**Instructions to follow**
Would you please set down the data again exactly as given, excluding the pictures?

**Data for this task**
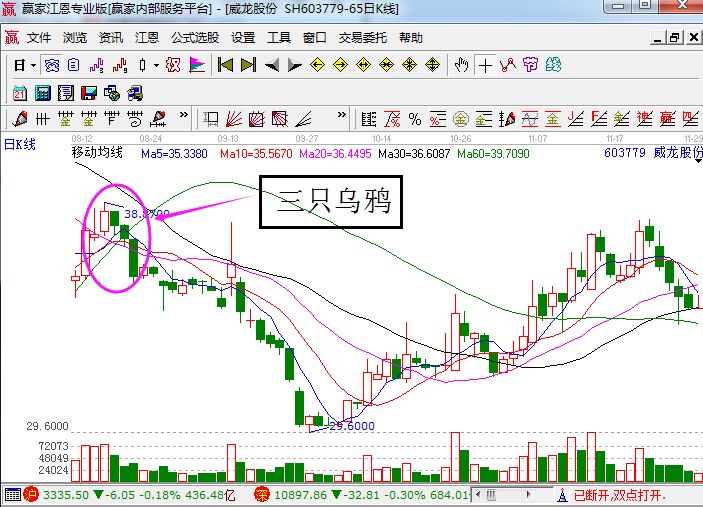 咨詢:13333833889烏鴉往往代表著不好事情,所以股票軟件中就有類似烏鴉的含義的走勢(shì),它就是三只烏鴉K線形態(tài)。那三只烏鴉K線形態(tài)有什么樣的特征?投資者怎么樣進(jìn)行操作?如果您對(duì)于它還不了解的話,今天我們就來進(jìn)行相關(guān)的了解。
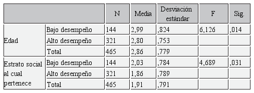 Los jóvenes sujetos de esta investigación, tienen en general un alto desempeño académico, pero sobre todo aquellos que son más jóvenes son los que mejor desempeño presentan, y los que están en un estrato social más bajo también.
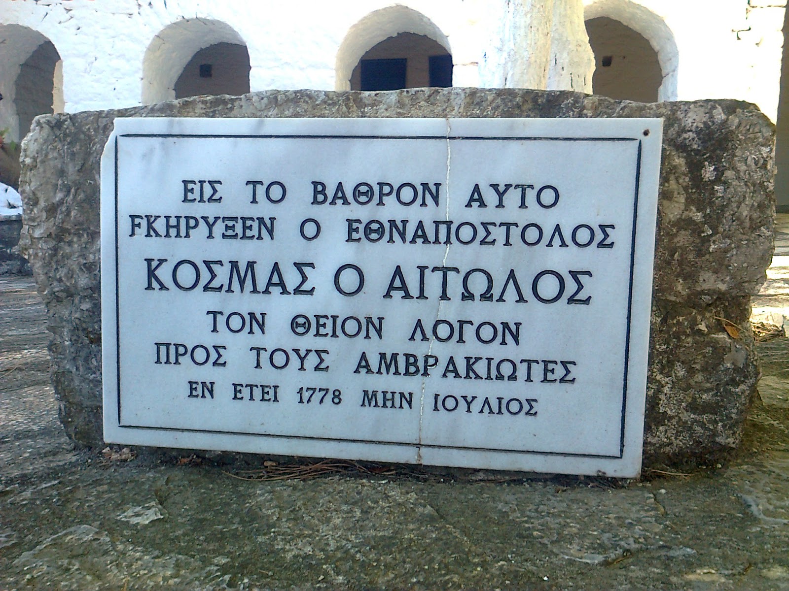 Στο προαύλιο του Ναού, τον Ιούλιο του 1778, κήρυξε το Θείο λόγο στους Αμβρακιώτες  ο εθνομάρτυρας και εθναπόστολος Κοσμάς ο Αιτωλός (ο ΠατροΚοσμάς), στεκούμενος πάνω σε ένα πέτρινο βάθρο!
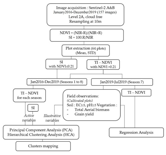 This study aimed to develop a method to detect potential areas of soil salinity using multi-spectral and high-resolution Sentinel-2 satellite images combined with field data using two complementary approaches: (i) observing salinity of bare soil using the SI and (ii) monitoring vegetation behavior from 2016–2019 (eight growing seasons) in the arid zone of the Niger River basin. The study involved a four-year time series of Sentinel-2 remote-sensing images and field measurements of biomass and topsoil characteristics of cultivated rice fields.
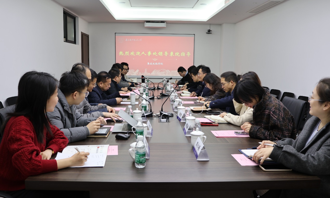 为贯彻落实学校第十七次党代会决策部署,切实推进学校进一步全面深化改革,进一步了解学院人事人才工作情况,3月18日下午,校长助理、人事处处长、高级人才办公室主任崔海涛带领人事处一行深入91pinse 开展人事人才工作调研。人事处领导班子、相关科室负责人,91pinse 领导班子、院长助理、系所负责人、高层次人才代表和教师代表参加了本次会议。
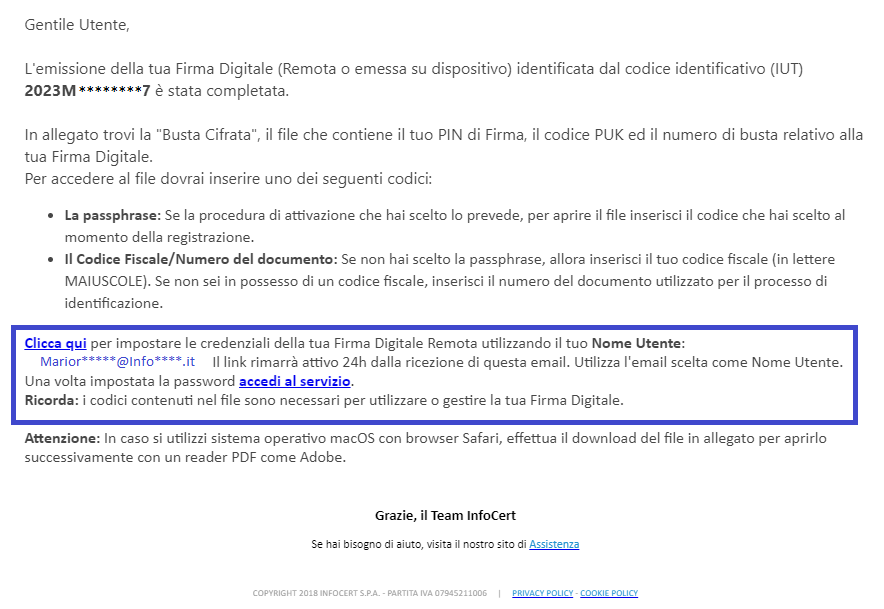 Se in fase di acquisto è stata richiesta l’associazione del certificato di firma ad un indirizzo e-mail differente rispetto a quello del proprio account shop Infocert, nell’email di conferma di emissione del certificato sarà presente il link necessario per impostare le credenziali legate alla nuova utenza scelta (oltre al file contenente i codici PIN e PUK accessibile tramite la passphrase impostata precedentemente):

**Solution**
 咨詢:13333833889烏鴉往往代表著不好事情,所以股票軟件中就有類似烏鴉的含義的走勢(shì),它就是三只烏鴉K線形態(tài)。那三只烏鴉K線形態(tài)有什么樣的特征?投資者怎么樣進(jìn)行操作?如果您對(duì)于它還不了解的話,今天我們就來進(jìn)行相關(guān)的了解。
 Los jóvenes sujetos de esta investigación, tienen en general un alto desempeño académico, pero sobre todo aquellos que son más jóvenes son los que mejor desempeño presentan, y los que están en un estrato social más bajo también.
 Στο προαύλιο του Ναού, τον Ιούλιο του 1778, κήρυξε το Θείο λόγο στους Αμβρακιώτες  ο εθνομάρτυρας και εθναπόστολος Κοσμάς ο Αιτωλός (ο ΠατροΚοσμάς), στεκούμενος πάνω σε ένα πέτρινο βάθρο!
 This study aimed to develop a method to detect potential areas of soil salinity using multi-spectral and high-resolution Sentinel-2 satellite images combined with field data using two complementary approaches: (i) observing salinity of bare soil using the SI and (ii) monitoring vegetation behavior from 2016–2019 (eight growing seasons) in the arid zone of the Niger River basin. The study involved a four-year time series of Sentinel-2 remote-sensing images and field measurements of biomass and topsoil characteristics of cultivated rice fields.
 为贯彻落实学校第十七次党代会决策部署,切实推进学校进一步全面深化改革,进一步了解学院人事人才工作情况,3月18日下午,校长助理、人事处处长、高级人才办公室主任崔海涛带领人事处一行深入91pinse 开展人事人才工作调研。人事处领导班子、相关科室负责人,91pinse 领导班子、院长助理、系所负责人、高层次人才代表和教师代表参加了本次会议。
 Se in fase di acquisto è stata richiesta l’associazione del certificato di firma ad un indirizzo e-mail differente rispetto a quello del proprio account shop Infocert, nell’email di conferma di emissione del certificato sarà presente il link necessario per impostare le credenziali legate alla nuova utenza scelta (oltre al file contenente i codici PIN e PUK accessibile tramite la passphrase impostata precedentemente):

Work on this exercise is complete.